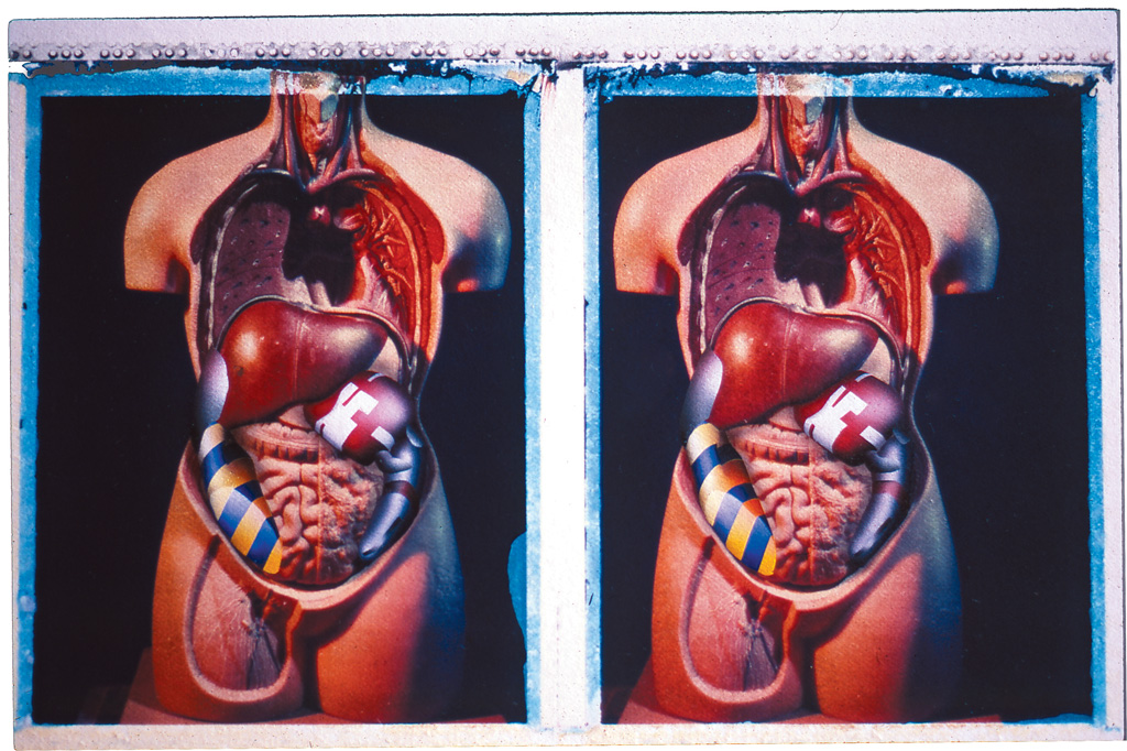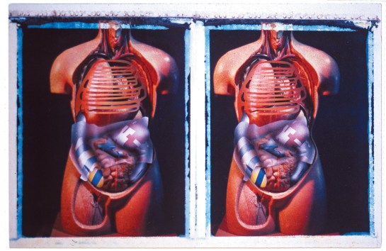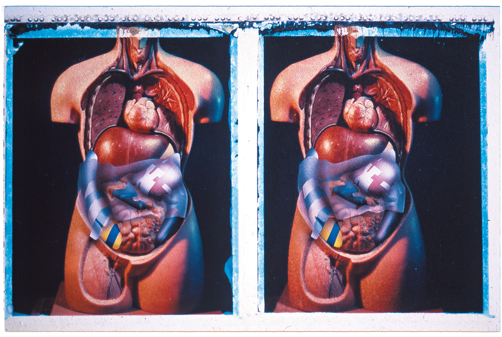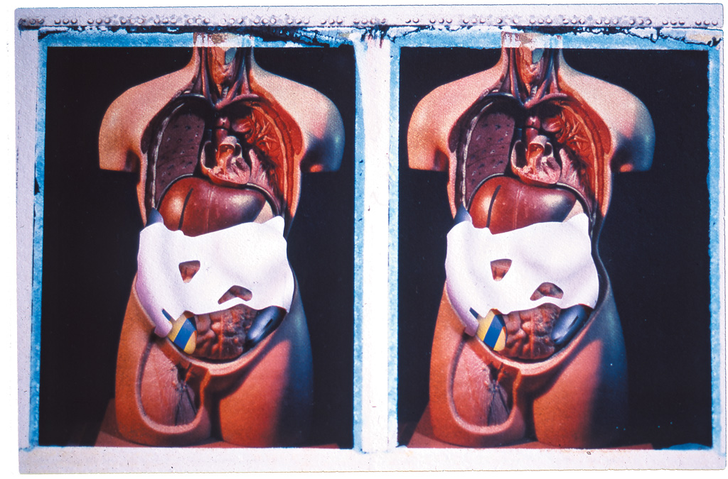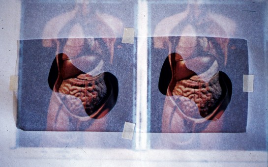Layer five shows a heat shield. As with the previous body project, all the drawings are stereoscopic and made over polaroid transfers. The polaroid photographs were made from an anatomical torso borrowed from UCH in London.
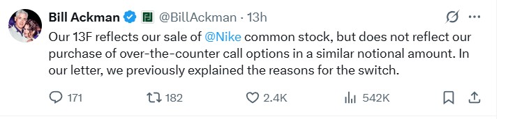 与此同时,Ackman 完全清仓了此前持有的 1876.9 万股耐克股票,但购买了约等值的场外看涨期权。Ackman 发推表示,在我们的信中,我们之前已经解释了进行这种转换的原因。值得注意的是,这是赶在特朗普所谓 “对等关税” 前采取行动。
* * *
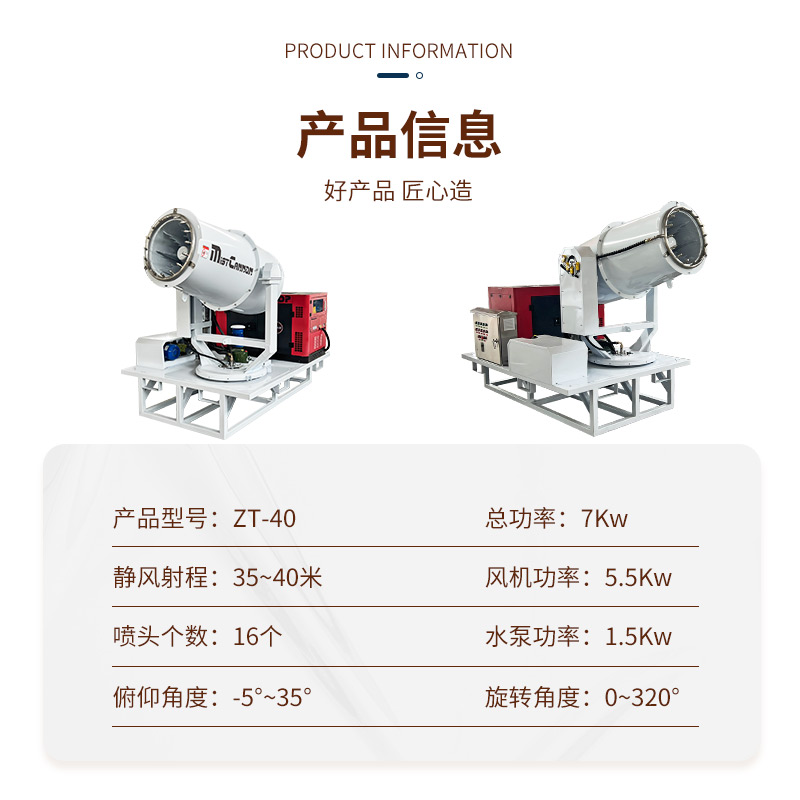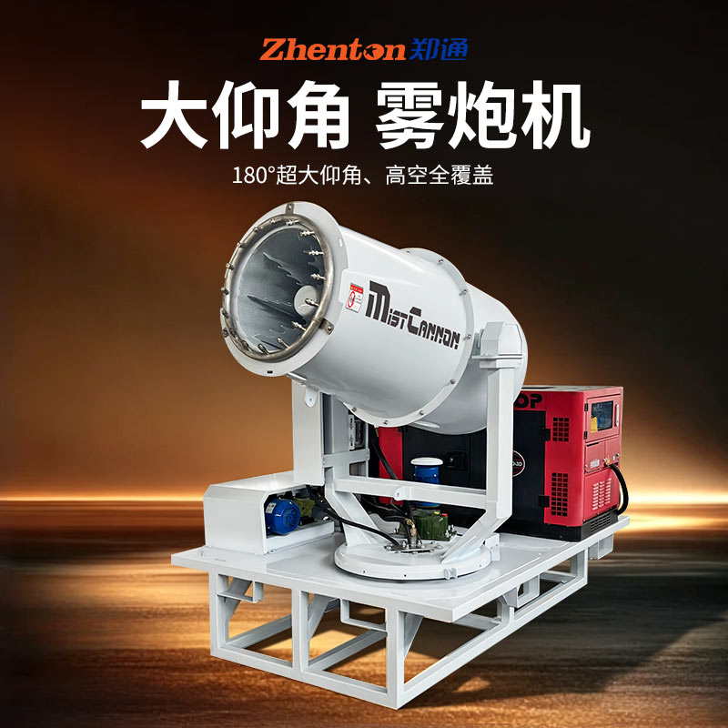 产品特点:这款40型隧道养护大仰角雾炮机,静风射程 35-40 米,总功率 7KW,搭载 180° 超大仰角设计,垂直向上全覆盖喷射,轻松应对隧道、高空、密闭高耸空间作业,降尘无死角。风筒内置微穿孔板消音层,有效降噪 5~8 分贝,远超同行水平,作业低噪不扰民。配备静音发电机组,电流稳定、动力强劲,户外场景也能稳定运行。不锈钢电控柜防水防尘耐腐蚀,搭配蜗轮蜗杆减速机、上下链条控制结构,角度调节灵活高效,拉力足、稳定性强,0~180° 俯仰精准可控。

## Work task
In the entries above, find the line containing "Layer five shows" and the line containing "与此同时,Ackman 完全清仓了此前持有的 1876.9"; give again exactly those two lines and every line between them, minus the pictures.

## Answer to this problem
Layer five shows a heat shield. As with the previous body project, all the drawings are stereoscopic and made over polaroid transfers. The polaroid photographs were made from an anatomical torso borrowed from UCH in London.
 与此同时,Ackman 完全清仓了此前持有的 1876.9 万股耐克股票,但购买了约等值的场外看涨期权。Ackman 发推表示,在我们的信中,我们之前已经解释了进行这种转换的原因。值得注意的是,这是赶在特朗普所谓 “对等关税” 前采取行动。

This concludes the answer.